For example, let us say we’re talking of a human.  Let’s say further that the human sees a mountain.

The human senses (sees) the mountain when rays of light scattered by the surface of the mountain or from things upon the mountain enter her or his eye and impinge upon the retina, triggering a chain of chemical reactions that lead to electrical potentials building up that act upon the nerves in the retinal cortex.

Subsequently, the neurons in the optical pathway of the human’s brain fire in such a manner that eventually, various parameters of the mountain come to be represented in the pattern of neural activations in the human’s brain.

We know that the human has modeled the mountain because the human can be asked to draw the mountain on a sheet of paper and will be able to do so.

Now, the human can be conscious of various parameters of the mountain as well.  For example, if the predominant colour of the mountain is represented in those neural activations, then the human is conscious of the predominant colour of the mountain.  For instance, if the human can answer, accurately or inaccurately, a question about the colour of the mountain, the human can be said to have modeled the same.

If the height of the mountain is represented in the neural patterns, then the human is conscious of the height of the mountain.  This can be tested by asking the human to state the height of the mountain.

If the shape of the mountain is vaguely capture in the neural activations so that the human identifies the same with that of a typical mountain, then the human is conscious of the mountain’s shape and that it is a mountain.

This ability to model is not present in what we typically consider an inanimate object.  A pin-hole camera would not actively create a model of what it senses (projects onto the wall) and is therefore not conscious.  Its projection is purely a result of physical phenomena external to it and it has no agency in the creation of the image within it.  So it has no consciousness.

Let’s say we use a digital camera which records the pixels of let’s say a mountain before it.  It can reproduce the mountain pixel by pixel, and so can be said to have a model in its memory of the mountain.  In other words, such a camera is conscious of the pixels of the mountain and everything else in the field of view.  It wouldn’t be conscious of the shapes or sizes or colours or even of the presence of  a mountain in the sense that a human would.

Claim:  Consciousness requires the active acquisition and storage of information from what is sensed.

Argument:  If the “model” is just the result of physical phenomena, say a projected image in a pin-hole camera, then there is no information acquired and stored by the system from what is sensed, and hence no consciousness.

Now, supposing that we were to build a machine of sand that created a representation of the mountain in sand and of the height and colour of the mountain and of the shape of the mountain and of the association of this shape with typical mountain shapes and of every other parameter that the human brain models.

Now, I would argue that this sand machine could be said to be conscious of the mountain in the same way as we are, even though it uses a completely different mechanism to create a model of the mountain.

Claim:  The hypothetical sand machine and a human brain are equivalent

Argument:  Consciousness of something is only dependent on what is modeled, and no on the method of modeling.  So, as long as the parameters of the mountain are modeled in exactly the same way in two systems, they can be said to be conscious of it in the same way.

 

Corollary

We are machines.

 

All right, so that’s a claim as well.

Here are two arguments in support of the claim.

a) Our behaviour in some sensory tasks is similar to that we would expect from machine learning tools called classifiers.

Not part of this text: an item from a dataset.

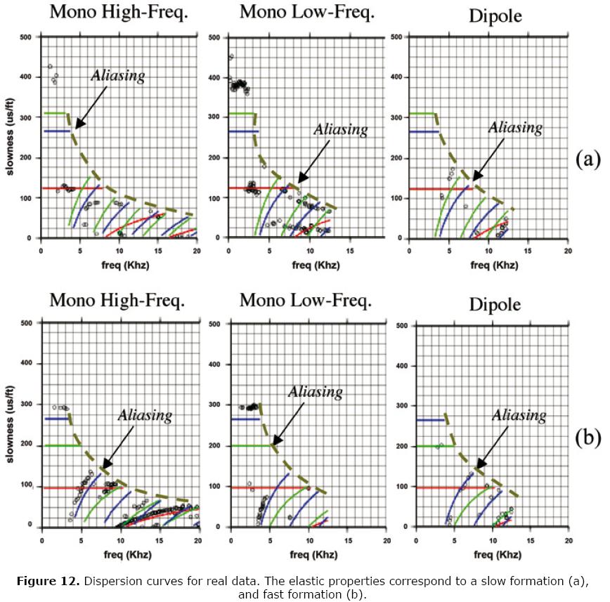 Similarly, the dipole results (Figure 11 topright) display Pwave propagation porous modes varying from compressionslowness at low frequencies up to mudslowness near 12 kHz. As seen, these modes exhibit a wide range of frequency content.

  1. The Himba colour experiment discovered that the Himba tribe of Africa were distinguishing colours differently from the rest of the world. They could not distinguish between blue and green but could distinguish between many shades of green which other humans typically had a hard time telling apart.
  2. People who speak languages that do not have vowel tones have trouble hearing differences in tone. Similarly, people who speak languages where the consonants ‘l’ and ‘r’ are conflated cannot easily tell them apart.

This is typically how a machine learning tool called a classifier behaves.  A classifier needs to be trained on labelled sounds or colours and will learn to recognize only those, and will have a hard time telling other sounds or colours apart.

b) The limitations that our brains reveal when challenged to perform some generative tasks (tasks of imagination) are identical to the limitations that the machine learning tools called classifiers exhibit.

Let me try the experiment on you.   Here’s a test of your imagination.  Imagine a colour that you have never seen before.

Not a mixture of colours, mind you, but a colour that you have never ever seen before.

If you are like most people, you’ll draw a blank.

And that is what a classifier would do too.

So, I would say that the human brain models things like colours or phonemes using some kind of classification algorithm, because it displays the limitations that such algorithms do.

So it is possible that we shall be able to discover by similar experiments on different types of human cognitive functions, that humans are merely machines capable of consciousness (of modeling a certain set of parameters related to what we perceive) and other cognitive functions that define us as human.

 

Further Discussion

People with whom I’ve discussed this sometime ask me if considering consciousness as the process of building a model of something adequately explains feelings, emotions, likes and dislikes and love and longing.

My answer is that it does, at least as far as likes and dislikes go.

A liking of something is a parameter associated with that thing and it is a single-value parameter that can be easily modeled by one or more numbers.

Neural networks can easily represent such numbers (regression models) and so can model likes and dislikes.

As for love and longing, these could result from biological processes and genetic inclinations, but as long as they are experienced, they would have had to be modeled in the human mind, possibly represented by a single number (a single point representation of intensity) or a distributed representation of intensity.  What is felt in these cases would also be modeled as an intensity (represented at a point or in a distributed manner).  One would be conscious of a feeling only when one could sense it and model it.  And the proof that one has modeled it lies in the fact that one can describe it.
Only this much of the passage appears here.